The British Antarctic Territory is planning to soon release a commemorative new 12-sided 1 pound coin to commemorate climate change. 2,750 pieces will be made in base-metal and 475 in precious metals. The coins will be produced by the Pobjoy Mint.





<k>

Is this the first non-UK coin to follow the example of the UK 12-sided bimetallic pound coin? Will it possess all of the patented 'secret' technology of the UK coin? If I put it in a vending machine in England, would the machine accept it?
Visit the website of The Royal Mint Museum.

See: The Royal Mint Museum.

eurocoin

Quote from: <k> on November 19, 2020, 05:22:34 PM
Is this the first non-UK coin to follow the example of the UK 12-sided bimetallic pound coin? Will it possess all of the patented 'secret' technology of the UK coin? If I put it in a vending machine in England, would the machine accept it?

It is indeed the first non-UK coin to follow the UK example of the 12-sided bimetallic pound coin. As we have seen earlier the Falkland Islands is also working hard on the introduction of their new 12-sided 1 pound coin, as is Gibraltar, but the one of the British Antarctic Territory is expected to be released first.

It is only the overt and covert security features of which can be seen on the images that they will be the same. Whether the forensic one, the luminescent particles, will also be included, I do not know. I do know that the Royal Mint provides the blanks to Pobjoy Mint. Whether these blanks have specifically been taken out of the normal production process before the step in which the particles are being added, I do not know.

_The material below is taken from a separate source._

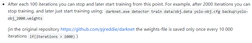 다음은 AlexyAB가 제공하는 이어서 학습하기 방법이다. https://github.com/AlexeyAB/darknet#how-to-train-to-detect-your-custom-objects
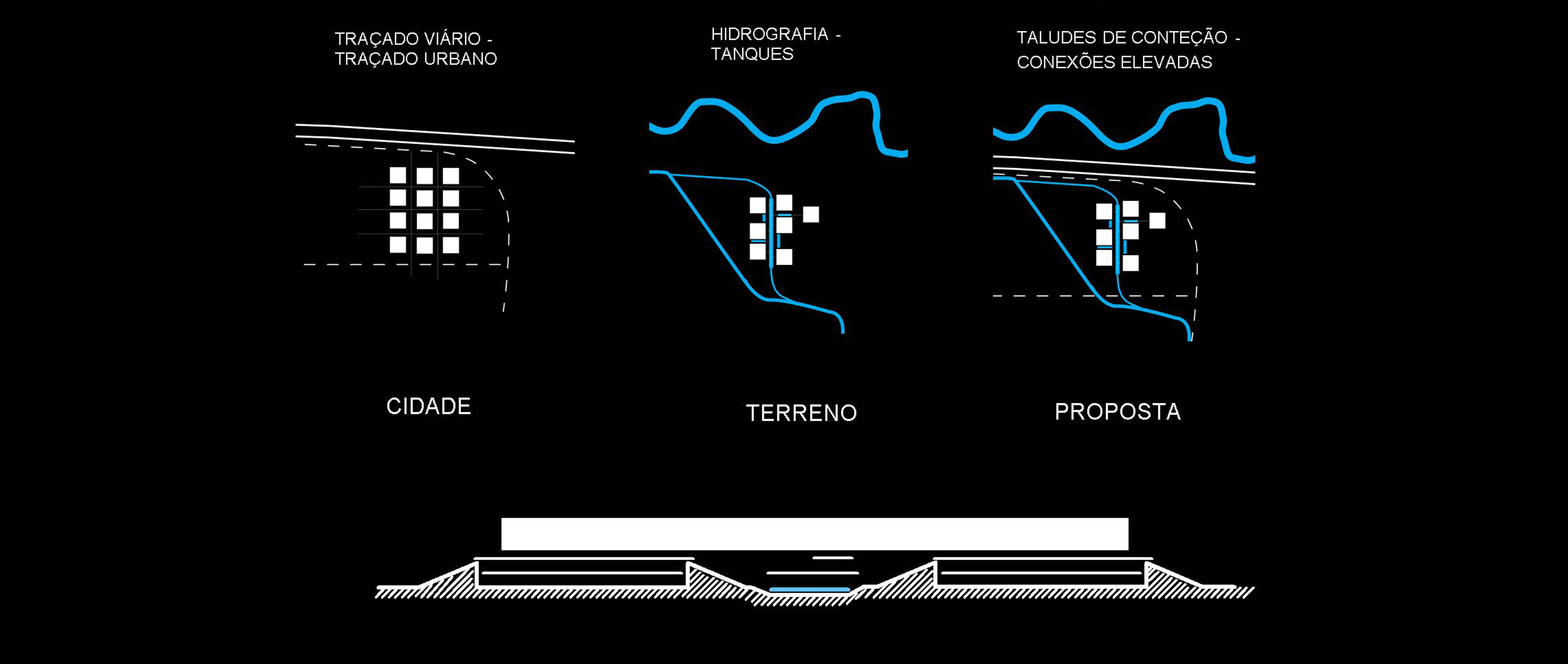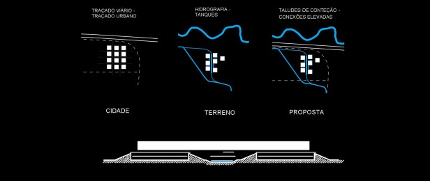 Contexto urbano: localizado em um terreno isolado, em uma área ainda não consolidada e dentro da cidade, vê-se a necessidade de criar um projeto que possua vida própria e possa definir traçado urbano, traçado este aqui organizado em uma via (eixo de circulação e convivência) e suas quadras elevadas.

As far as I know, no vending machines in the UK check the luminescent particles. From what I understand only coin sorting machines at the cash centres are able to check this security feature.

<k>

Visit the website of The Royal Mint Museum.

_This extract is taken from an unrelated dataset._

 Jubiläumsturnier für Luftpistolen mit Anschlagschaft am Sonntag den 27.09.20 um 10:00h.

See: The Royal Mint Museum.

Deeman

I enquired about the availability from Pobjoy mint and this is their reply:

"This coin was not supposed to be seen on the website and was not searchable nor was it in the catalogue as this was not for general purchase and this is why the product was at this price with no image. We are aware that a customer pressed reorder through their account which then took them to this page and then posted this online which is how this became such common knowledge."

Figleaf

You can't blame the customer if you haven't protected the page from access. I don't quite understand the wording of their reaction. Does it mean "only dealers can order"?

Peter
An unidentified coin is a piece of metal. An identified coin is a piece of history.

Deeman

With the design depicting an iceberg formed by breaking off from an ice shelf, an event happening with increased regularity, I found some interesting information on icebergs.

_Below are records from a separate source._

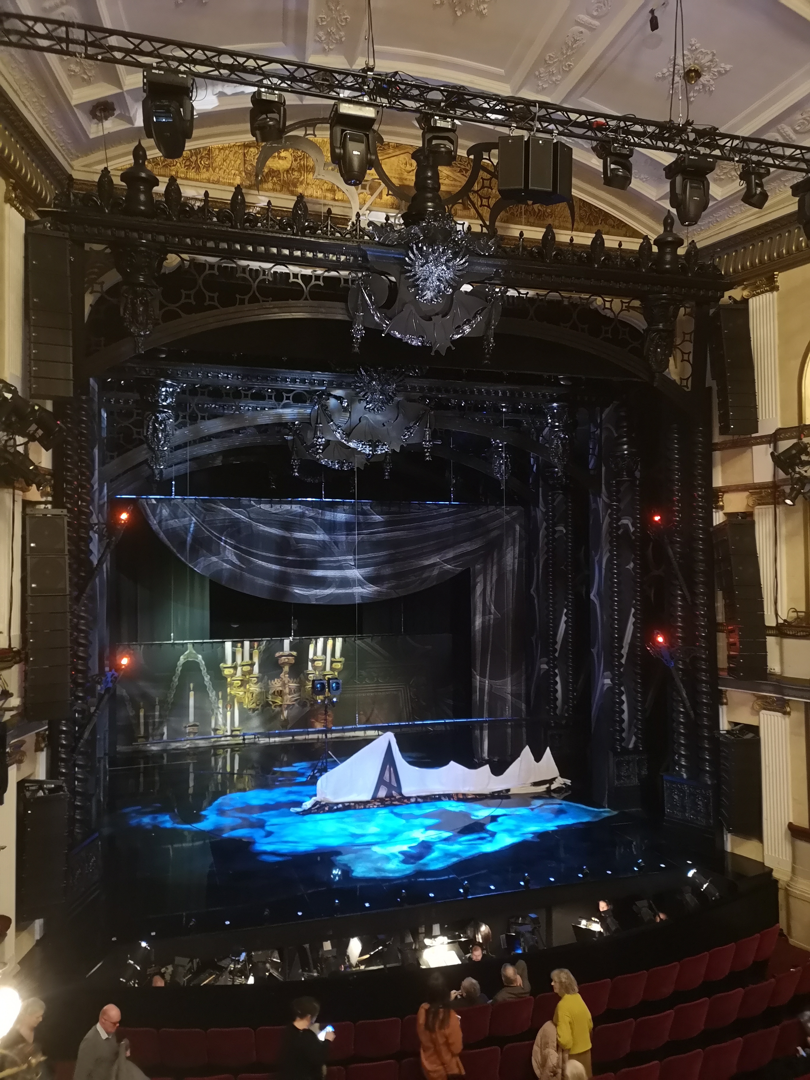 Det är en tidvis storslagen produktion men tidvis snarare lite småtafflig. Det är scenerna i slottet som är storslagna. Imponerande scenbyten och miljöer. Det var när vi var i byn och på värdshuset som det var ganska tråkig dekor. På gränsen till att jag funderade på om det var någon form av satir, en sarkastisk dekot.
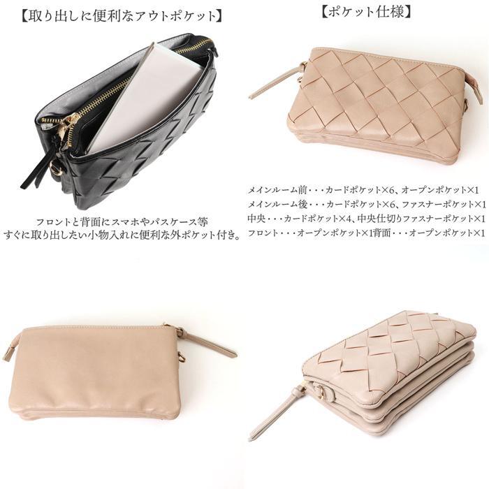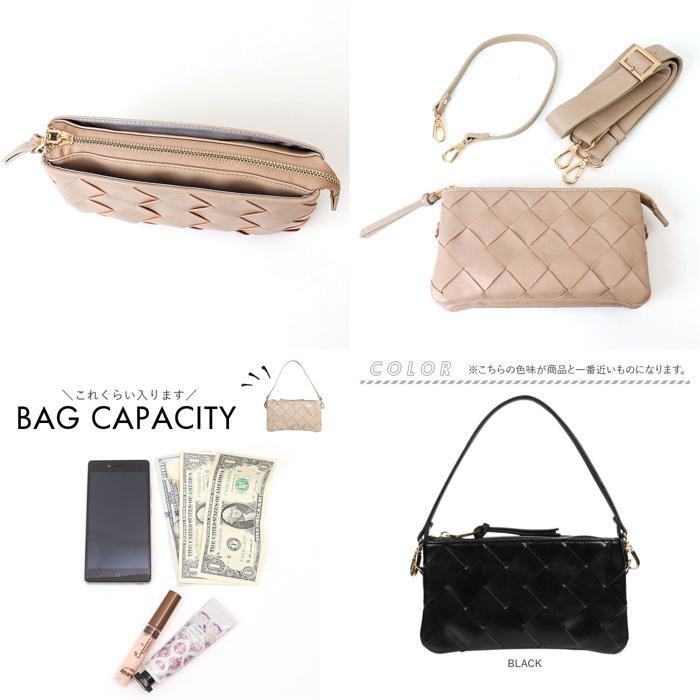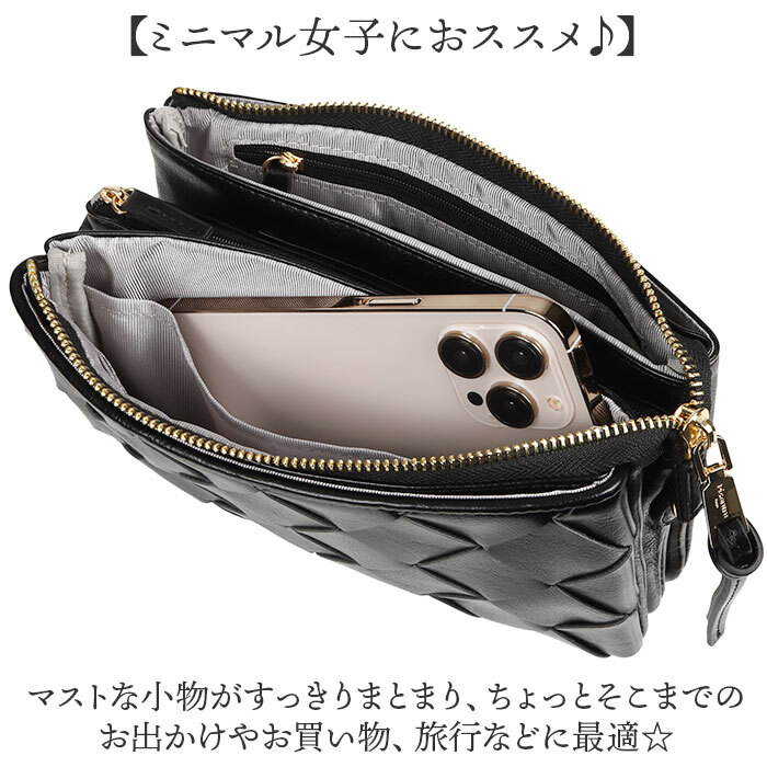 | 商品説明 | ・・【嬉しいお財布機能付き】 ・編み込みデザインが大人可愛い♪ウォレットバッグがPisoraroから新発売。 ・【編み込みデザイン】 ・フロントは合皮を編み込み、シンプルながら大人可愛い仕上がりに◎ ・【ミニマル女子におススメ♪】 ・マストな小物がすっきりまとまり、ちょっとそこまでのお出かけやお買い物、旅行などに最適☆ ・【持ち方を選べる2way仕様】 ・長いストラップを付けてポシェット、ストラップを取り外せば、クラッチバッグとして活躍 ・【さらにハンドバッグにも】 ・短いストラップに付け変えてハンドバッグとして使える♪シーンに合わせて持ち方をチョイス♪ ・【たっぷり入る3ルーム構造】 ・内側は3つのルームに分かれており、仕分けしやすく取り出しやすいつくり。 ・【カードも現金もしっかり入る】 ・カード収納や現金の収納にピッタリなファスナーポケットを配置し充実な財布機能も魅力。 ・【取り出しに便利なアウトポケット】 ・フロントと背面にスマホやパスケース等すぐに取り出したい小物入れに便利な外ポケット付き。 ・【ポケット仕様】 ・メインルーム前・・・カードポケット×6、オープンポケット×1 ・メインルーム後・・・カードポケット×6、ファスナーポケット×1 ・中央・・・カードポケット×4、中央仕切りファスナーポケット×1 ・フロント・・・オープンポケット×1 ・背面・・・オープンポケット×1 |
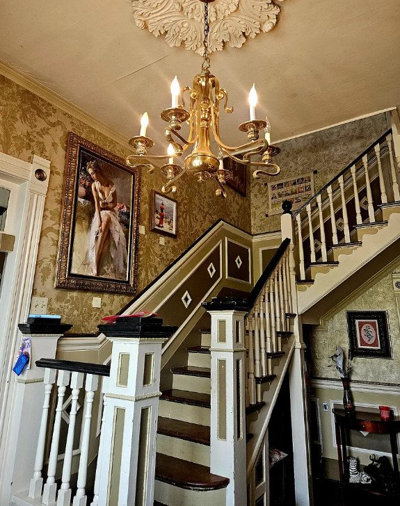 Stepping through the front door, guests are greeted by a grand staircase that commands attention with its graceful curve and polished wood finish. Above, a pretty chandelier casts a warm glow, illuminating the entryway and setting a refined tone that carries throughout the entire house.
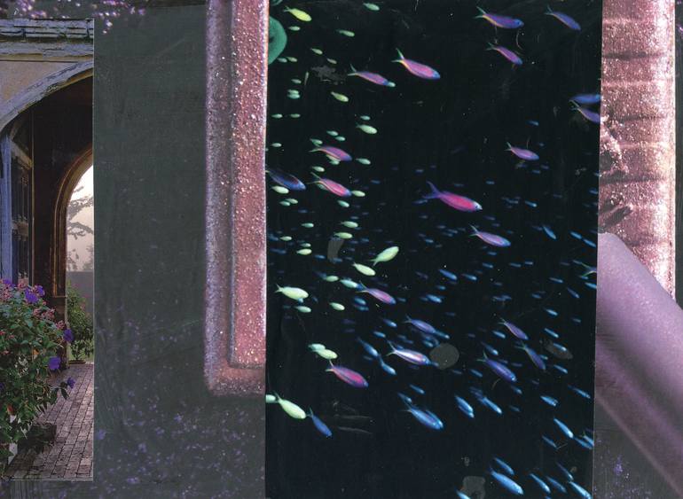 Immerse yourself in the depths of "Night Swim," a captivating paper collage on mat board. The abstract composition features a mesmerizing interplay of black, blue, and violet hues, evoking the mystery of a nocturnal underwater scene. Hints of dark shapes resembling fish add a touch of intrigue to th...
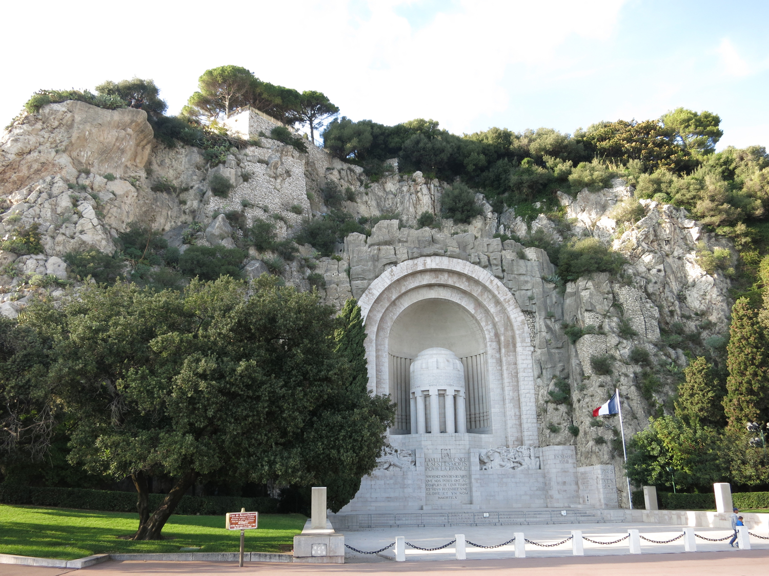 Ah, e no caminho vimos uma construção imponente encrostada em um dos morros (Colina do Chateau), era o Monumento aos Mortos da Guerra, ele fica nas proximidades do estacionamento, próximo à entrada do porto. Esse memorial foi inaugurado em 1928 e presta homenagem a 4 mil moradores de Nice mortos na Primeira Guerra Mundial. Muito bonito, todo branco, não tem como não chamar a atenção.

The icy waters surrounding Antarctica are home to a vast majority of the icebergs that navigate Earth's oceans.
Iceberg names are derived from the Antarctic quadrant in which they were originally sighted (e.g. B-09). The quadrants are divided counter-clockwise in the following manner:

A = 0 - 90W (Bellingshausen/Weddell Sea)
B = 90W - 180 (Amundsen/Eastern Ross Sea)
C = 180 - 90E (Western Ross Sea/Wilkesland)
D = 90E - 0 (Amery/Eastern Weddell Sea)

A freshly calved iceberg usually begins by moving westward, along with the Antarctic Coastal Current, with the coastline on being on its left-hand side. The Coriolis force owing to Earth's rotation also turns its trajectory to the left, which cause the icebergs to run aground and remain stationary for years before continuing on their journey. If a 'berg can break away from the coastal current, it then enters the Antarctic Circumpolar Current.
Once the iceberg is in the Antarctic Circumpolar Current, its path is generally eastward, driven by both the current and the wind. Also, the Coriolis force pushes the 'berg slightly northward. The 'berg will then move crabwise in a north-easterly direction, finishing its days at relatively low latitudes and in relatively warm waters before disintegrating.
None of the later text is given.